To address these five concerns, healthcare finance professionals must challenge operators to take swift action but focus on the following actions. The concerns are not new, but the risk from ineffective action is higher than it has been in 40 years:

  • Reducing fixed, variable and other costs
  • Engaging in creative workforce planning
  • Deploying capital cautiously to ensure sustainability of the core business and funding for growth Pursuing risk-based contracting and price-setting with payers, where agreements are focused on achieving savings and performance improvements (value creation) above the strategic and operational risks for participation
  • Pursuing smart scale, where the formula is bigger + more efficient, recognizing that both aspects are essential

That’s what inflation means for healthcare. And finance will be at the center of the industry’s response.

Footnotes

a. Sanchez, M., “Comerica economists lower expectations, forecast higher inflation rate in 2022,” MiBiz, Oct. 15, 2021.
b. Winck, B., “Americans should budget an extra $5,200 this year to cover rising prices, Bloomberg economists estimate,” Business Insider, March 29, 2022.
c. Rae, M., et al., “The burden of medical debt in the United States,” Peterson-KFF Health System Tracker, March 10, 2022
d. The term insurtech refers to companies that use technology to extract savings and efficiency from existing insurance models employed by the insurance industry.
e. McNickle, M., “6 things you need to know about Occupy Healthcare,” Healthcare IT News, Nov. 18, 2011.


 

Gauging the impact of inflation on consumers

Not surprising, inflation is taking its toll on consumers, especially in hardest hit cohorts including lowerincome households, rural populations, non-white and older populations and those in less-than-good health:

  • In an NBC News survey conducted March 18-22, 71% of U.S. adults said they felt the country is headed in the wrong direction versus 22% who think it’s heading in the right direction.

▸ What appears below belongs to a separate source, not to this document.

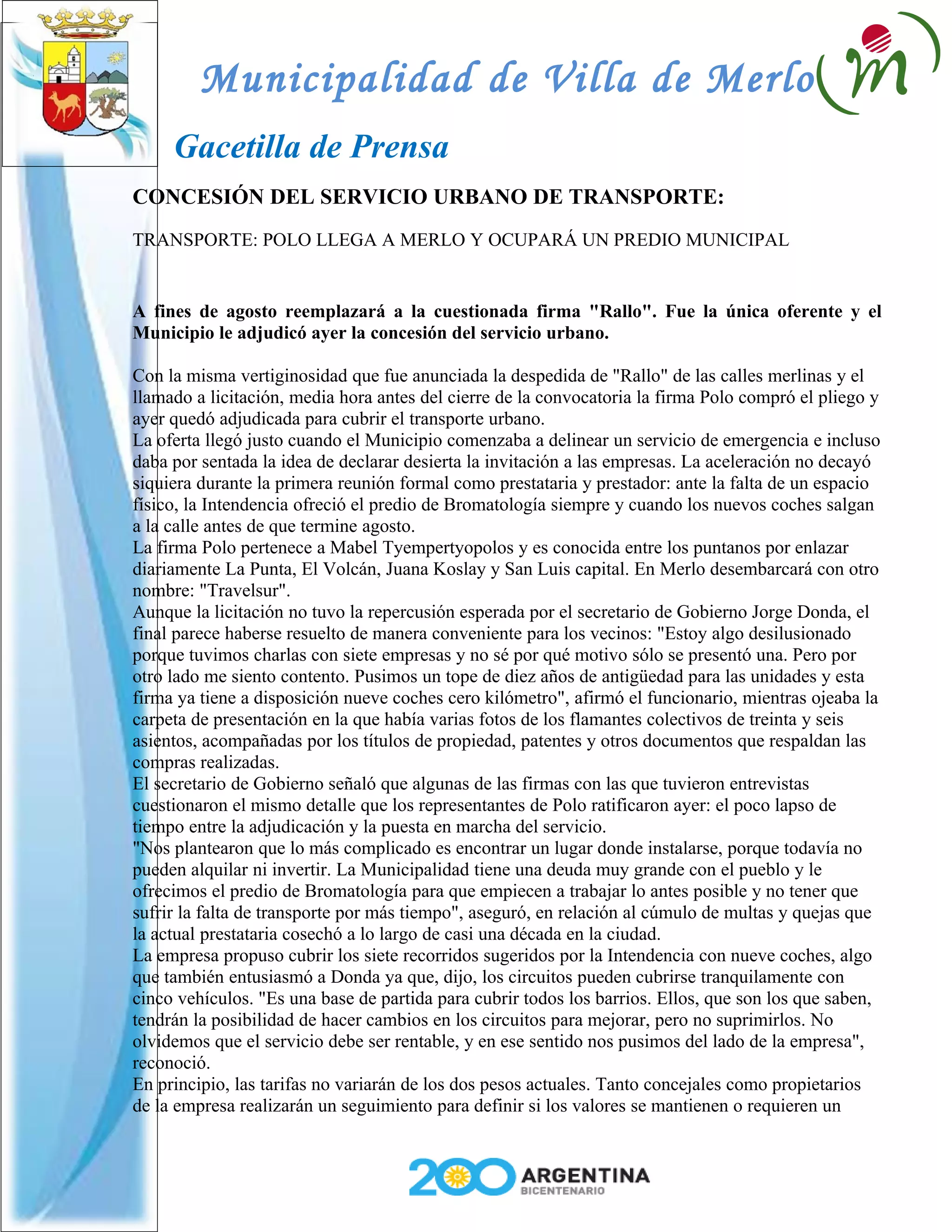 La Municipalidad de Villa de Merlo adjudicó a la empresa Polo el servicio urbano de transporte, reemplazando a la firma Rallo. Polo fue la única oferente y pondrá 9 unidades cero kilómetro. El secretario de Gobierno está contento con la adjudicación a pesar de solo haber recibido una oferta, y la empresa usará un predio municipal de forma provisoria.

In the same survey, 83% were concerned they would see rising costs for goods and services like gas as a result of Russia’s invasion of Ukraine, and 62% said they believe their family income is falling behind their costs of living.
  • Among consumers responding to a Ipsos poll published March 24, 42% cited inflation as their biggest worry, 40% said wages are rising faster than they have in more than a decade and 94% said their costs of food, gas and housing had gone up in 2021.
  • In the Kaiser Family Foundation’s March 2022 Tracking Poll, 55% of Americans said inflation was their top concern. In addition, 71% of respondents said they were “very or somewhat worried” about being able to afford gasoline or other transportation costs. Other areas where respondent expressed these levels of concern were as follows:
    • Unexpected medical bills (58%)
    • Monthly utilities (50%)
    • Food (47%)
    • Long-term care services (45%) 
    • Health insurance deductible (44%)
    • Rent/mortgage (43%)
    • Prescription drugs (43%)
    • Health insurance premiums (36%)
  • In the March 2022 University of Michigan Survey of Consumers, 32% of surveyed adults said they anticipate their finances will worsen over the next 12 months — the largest recorded share since the survey started in the mid1940s. Consumer sentiment sank to 59.4 in March from 62.8 in February — down from a year-ago reading of 84.9 and the most pessimistic sentiment in 11 years.

In its March analysis, Morning Consult reported that, between Jan. 23 and Feb. 22, consumer confidence dropped 7% for those earning more than $100,000 — a much larger dip than for those earning between $50,000 and $99,900.